> _WHAT YOU SHOULD DO_
Everything from the line containing "災害発生からの活動といたしま" through the line containing "藝員胡杏兒、吳卓羲1月8日在" should be repeated exactly, and nothing else from the data.

> _INFORMATION_
BEGIN
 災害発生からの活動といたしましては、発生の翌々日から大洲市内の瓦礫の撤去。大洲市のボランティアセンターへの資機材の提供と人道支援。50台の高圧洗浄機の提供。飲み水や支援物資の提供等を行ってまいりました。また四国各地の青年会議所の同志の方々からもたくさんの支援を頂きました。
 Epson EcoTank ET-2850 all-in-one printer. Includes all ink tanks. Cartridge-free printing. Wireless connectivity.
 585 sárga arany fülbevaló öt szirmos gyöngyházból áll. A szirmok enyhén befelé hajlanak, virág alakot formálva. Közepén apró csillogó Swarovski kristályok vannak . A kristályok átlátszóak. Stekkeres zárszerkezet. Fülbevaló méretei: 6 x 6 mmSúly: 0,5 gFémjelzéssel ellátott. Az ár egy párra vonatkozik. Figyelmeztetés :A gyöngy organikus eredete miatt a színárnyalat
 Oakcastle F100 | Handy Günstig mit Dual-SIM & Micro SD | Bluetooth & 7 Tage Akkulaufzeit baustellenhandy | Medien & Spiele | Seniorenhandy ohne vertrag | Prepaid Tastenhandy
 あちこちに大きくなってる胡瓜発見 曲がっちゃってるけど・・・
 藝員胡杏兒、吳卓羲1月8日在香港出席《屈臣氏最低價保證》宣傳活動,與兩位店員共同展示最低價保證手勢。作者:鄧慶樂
END
BEGIN
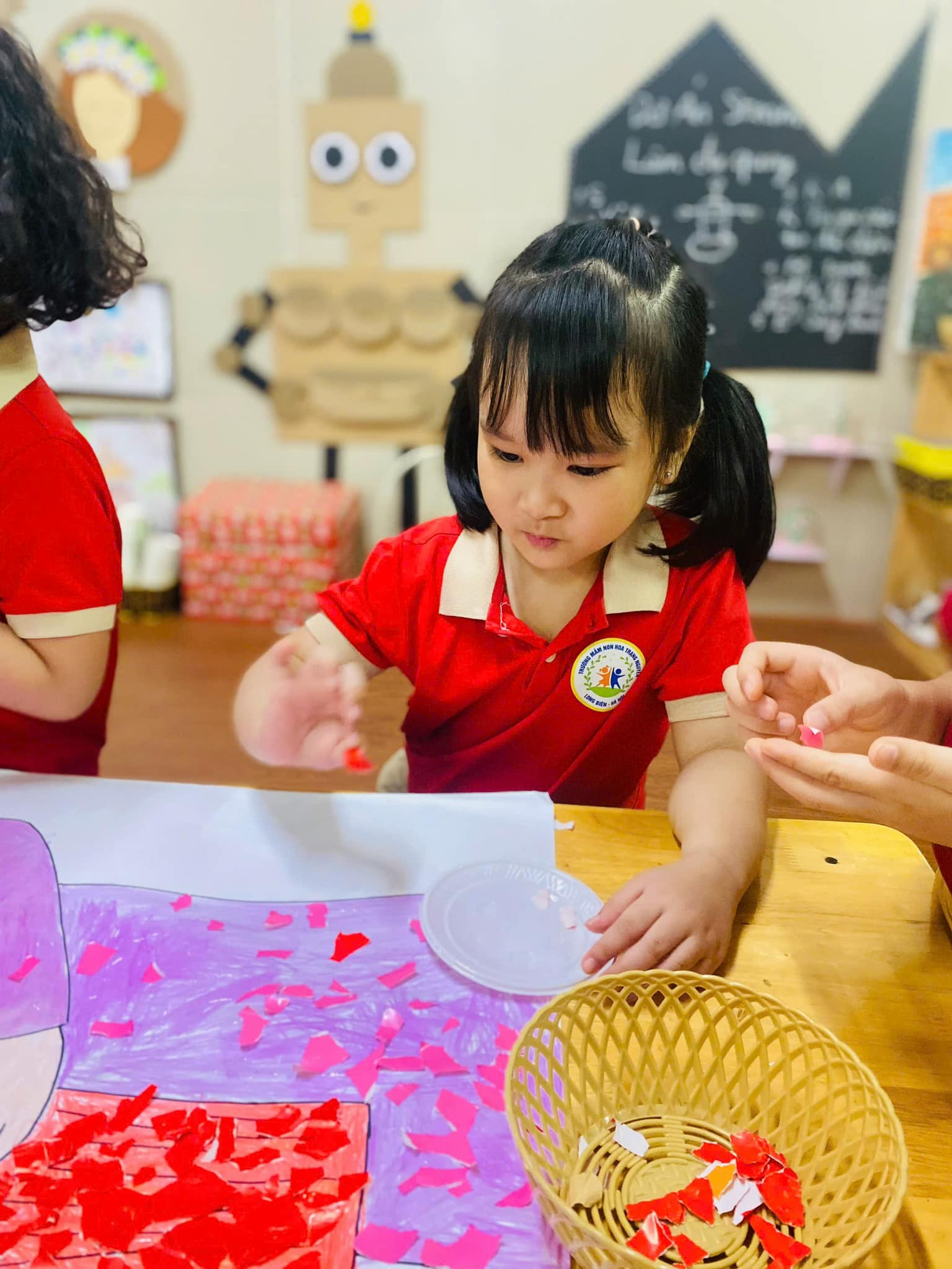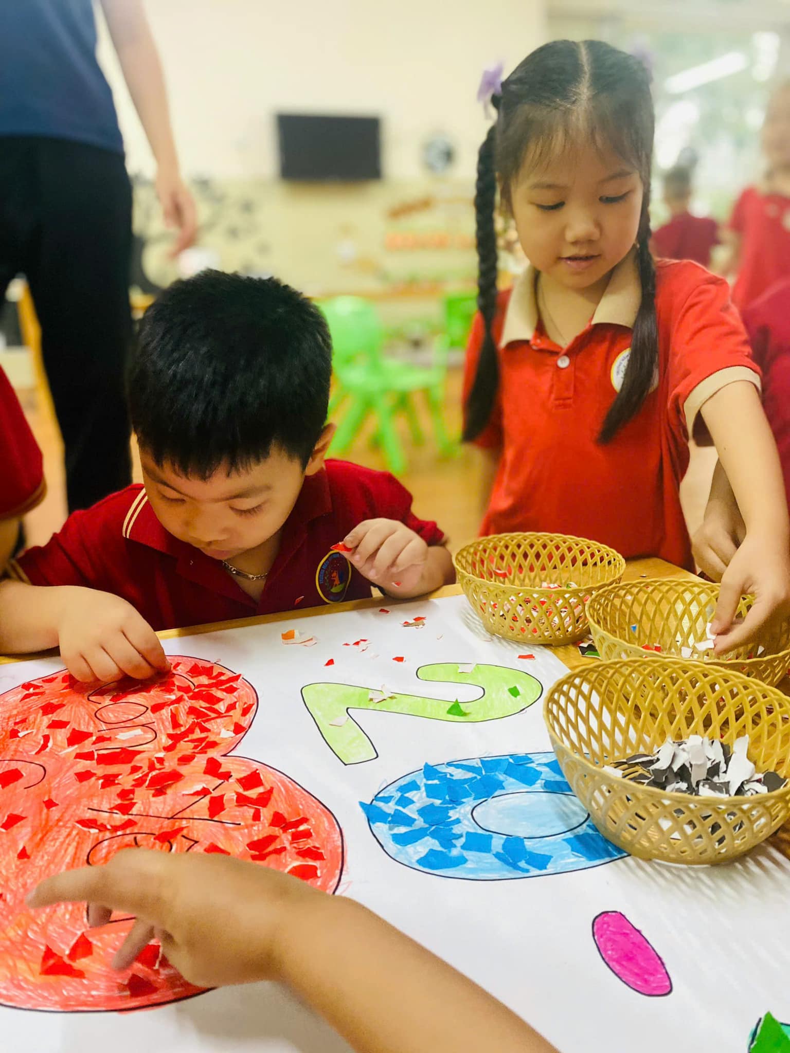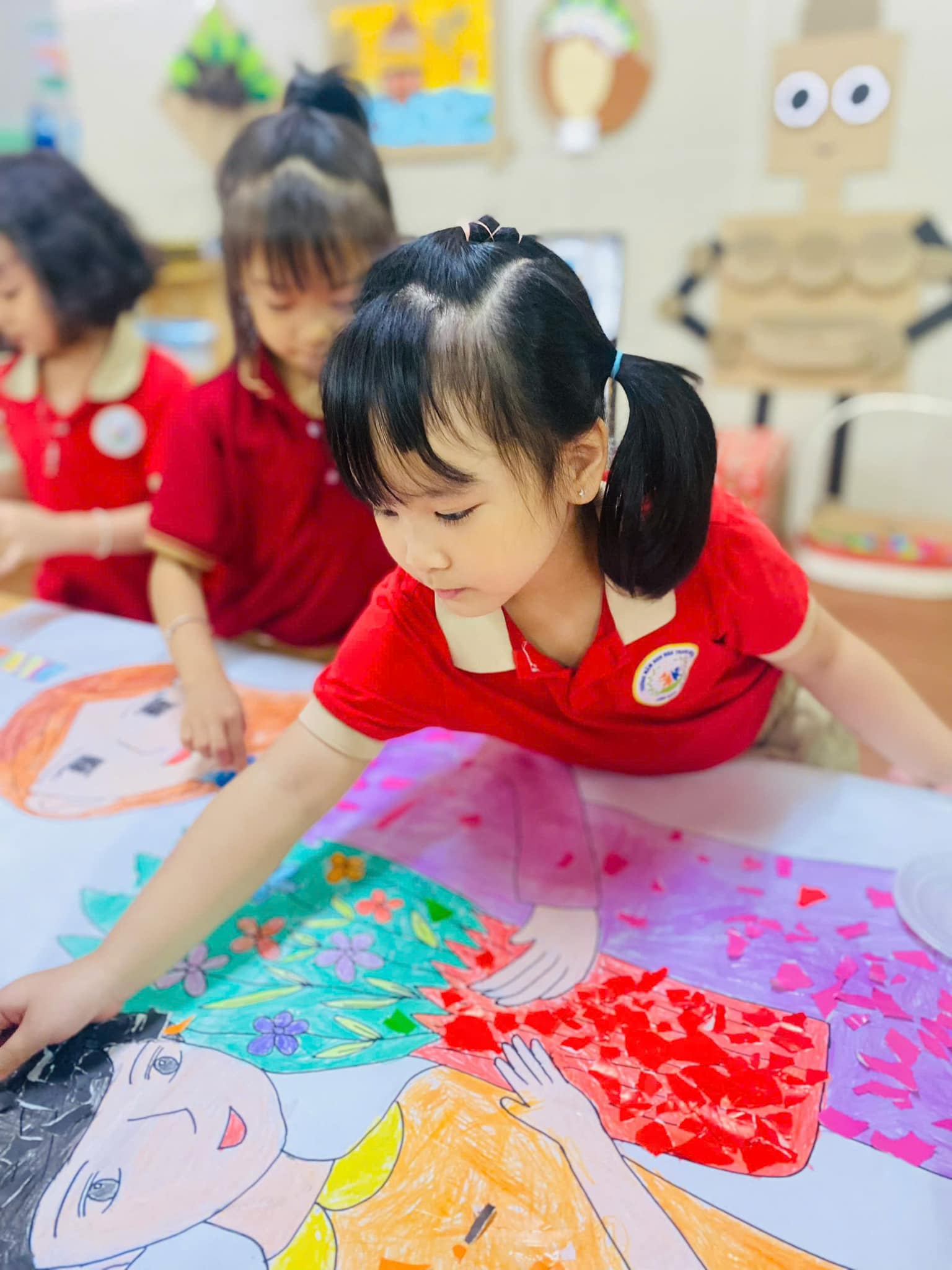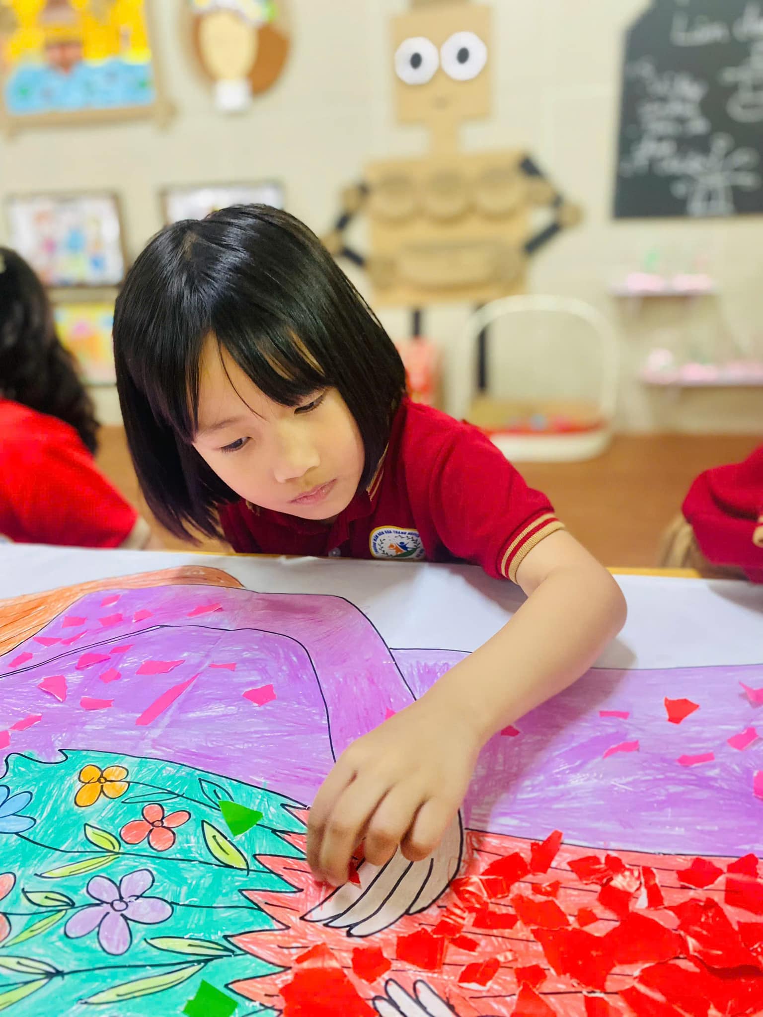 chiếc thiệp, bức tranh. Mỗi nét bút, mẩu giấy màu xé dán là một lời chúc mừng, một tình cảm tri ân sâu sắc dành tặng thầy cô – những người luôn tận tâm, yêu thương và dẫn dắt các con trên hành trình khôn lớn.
END
BEGIN
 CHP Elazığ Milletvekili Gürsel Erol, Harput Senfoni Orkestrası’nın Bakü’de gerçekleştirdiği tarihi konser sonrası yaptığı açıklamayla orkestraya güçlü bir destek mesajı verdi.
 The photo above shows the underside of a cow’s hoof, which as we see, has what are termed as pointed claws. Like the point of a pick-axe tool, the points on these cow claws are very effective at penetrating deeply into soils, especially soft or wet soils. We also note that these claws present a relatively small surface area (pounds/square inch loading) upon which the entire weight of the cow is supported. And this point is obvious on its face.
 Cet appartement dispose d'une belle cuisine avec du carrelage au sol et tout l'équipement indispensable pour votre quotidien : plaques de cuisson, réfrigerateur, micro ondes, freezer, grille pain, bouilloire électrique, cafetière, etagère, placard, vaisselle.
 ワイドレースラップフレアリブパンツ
END
> _RESULT OF THIS EXERCISE_
 災害発生からの活動といたしましては、発生の翌々日から大洲市内の瓦礫の撤去。大洲市のボランティアセンターへの資機材の提供と人道支援。50台の高圧洗浄機の提供。飲み水や支援物資の提供等を行ってまいりました。また四国各地の青年会議所の同志の方々からもたくさんの支援を頂きました。
 Epson EcoTank ET-2850 all-in-one printer. Includes all ink tanks. Cartridge-free printing. Wireless connectivity.
 585 sárga arany fülbevaló öt szirmos gyöngyházból áll. A szirmok enyhén befelé hajlanak, virág alakot formálva. Közepén apró csillogó Swarovski kristályok vannak . A kristályok átlátszóak. Stekkeres zárszerkezet. Fülbevaló méretei: 6 x 6 mmSúly: 0,5 gFémjelzéssel ellátott. Az ár egy párra vonatkozik. Figyelmeztetés :A gyöngy organikus eredete miatt a színárnyalat
 Oakcastle F100 | Handy Günstig mit Dual-SIM & Micro SD | Bluetooth & 7 Tage Akkulaufzeit baustellenhandy | Medien & Spiele | Seniorenhandy ohne vertrag | Prepaid Tastenhandy
 あちこちに大きくなってる胡瓜発見 曲がっちゃってるけど・・・
 藝員胡杏兒、吳卓羲1月8日在香港出席《屈臣氏最低價保證》宣傳活動,與兩位店員共同展示最低價保證手勢。作者:鄧慶樂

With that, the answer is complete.